# Tightest choke



## nukehayes (Sep 22, 2006)

Hey guys, I picked up some slugs and a rear fiber optic sight to compliment my factory front, in the hopes of taking a deer with it. My question is, what is the safest/ most accurate choke. I am pretty sure that I a full choke equals bad day, but should I opt for the least choke or right under a full. I have an imp. cylinder, modified and a full that came with mine. I really like the clip-on fiber optic rear sight, its green color really offsets the front red, can't wait to try and 'sight it in' as it were.


----------



## kev74 (Mar 22, 2008)

I thought choke tubes were only supposed to be used with shot - not slugs. I don't think a constriction in the end of the barrel would do nice things when the slug gets to it.

Perhaps someone more knowledgeable will jump in?


----------



## BeefyBeefo (Jan 30, 2008)

kev74 said:


> I thought choke tubes were only supposed to be used with shot - not slugs. I don't think a constriction in the end of the barrel would do nice things when the slug gets to it.


That's what I thought as well.

-Jeff-


----------



## mike#9 (Jul 14, 2008)

You need to get a slug barrel (it is rifled). Hastings usually makes one for most shotguns.


----------



## Bisley (Aug 24, 2008)

I don't know what kind of gun you have, but you should be able to find a rifled choke insert that would then allow you to shoot sabot slugs - more accurate.

If not, the modified should be OK - not sure about the full. Just don't shoot it without a choke insert or you may booger the threads up that hold the inserts.

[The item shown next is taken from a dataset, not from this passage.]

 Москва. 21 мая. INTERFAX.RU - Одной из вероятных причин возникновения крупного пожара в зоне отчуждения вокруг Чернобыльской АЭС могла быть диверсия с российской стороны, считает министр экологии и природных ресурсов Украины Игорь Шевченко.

Or, you can buy a fully rifled barrel (~$200) that will give you a good rear sight and make it a legitimate 100 yard rifle. I bought one for my 20 gauge Remington 870, and it shoots dead-on at 50 yards, and drops 3" at 100 yards. Not too bad for something that packs such a serious wallop.


----------



## mike#9 (Jul 14, 2008)

Bisley said:


> I don't know what kind of gun you have, but you should be able to find a rifled choke insert that would then allow you to shoot sabot slugs - more accurate.
> 
> If not, the modified should be OK - not sure about the full. Just don't shoot it without a choke insert or you may booger the threads up that hold the inserts.
> 
> Or, you can buy a fully rifled barrel (~$200) that will give you a good rear sight and make it a legitimate 100 yard rifle. I bought one for my 20 gauge Remington 870, and it shoots dead-on at 50 yards, and drops 3" at 100 yards. Not too bad for something that packs such a serious wallop.


You can try the chokes mentioned.....but I would still get a rifled barrel. For deer hunting.....you definitely want 100 yard accuracy, and the only way to get that is the rifled barrel.


----------



## agoetz2005 (Oct 19, 2009)

http://www.randywakeman.com/Choke and Barrel Specs.htm

Check the diameter of your slugs against the diameter of the choke.

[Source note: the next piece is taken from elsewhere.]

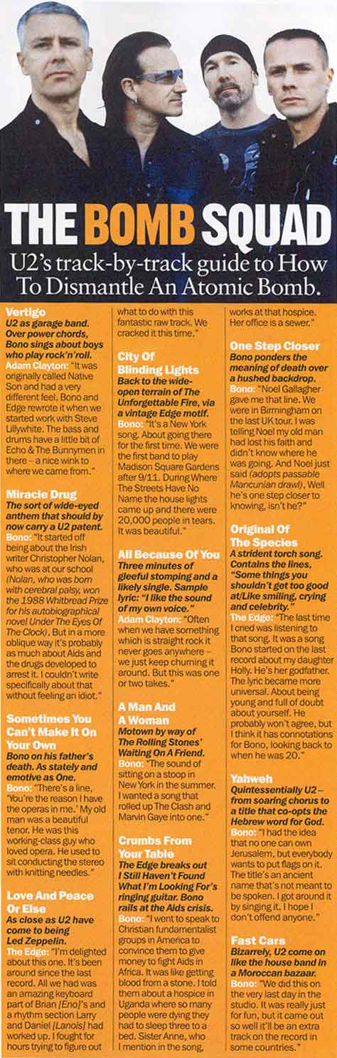 Remember when The Edge's copy of the new U2 album was stolen from a photo shoot in the south of France? Blender magazine was there. In fact, they spent several days with U2 and it made for a nice read. Even better is a track by track guide to How to Dismantle an Atomic Bomb narrated by U2, also at this link.

Shooting a slug that rattles around in the bore then slams into a constriction would not be a good idea.

Modified or IC are the tightest you want to go i believe., but as suggested. Rifling makes all the fidderence.


----------



## SaltyDog (Jan 1, 2009)

First of all not all slug barrels are rifled - there are smooth bore slug barrels.

If you do not want to purchase a rifled slug barrel and you have interchangeable screw in chokes then I recommend the improved cylinder choke. You can try the modified and see which of the 2 are more accurate but I don't recommend using a full choke. The full choke may throw the accuracy of the shot off by the slug hitting it on the way out of the barrel. Back in the old days a slug would have taken out the full choke barrel but the slugs of today are smaller in diameter and much softer.

Do not use a sabot slug in a smooth bore barrel. Sabot slugs are made for rifled slug barrels. Use a plain jane (Forster) slug or a rifled slug in your smooth bore. The smooth bore should be accurate out to 40 - 50 yds but I have taken deer out to 70 yds with no problem.

IMO the rifled slugs are a gimmick and the plain jane slugs shoot just as accurate.

Enjoy:smt023


----------



## fiasconva (Jun 14, 2009)

*chokes*

You are not going to damage a steel barrel with a lead slug. The steel is much harder. However, IC is usually recommended if you are going to use a screw-in choke. The sabot slugs are for rifled slug barrels and not the smooth bore ones and slugs are made for smooth bore barrels. Use the correct type slug with barrel you choose. It will be much more accurate.


----------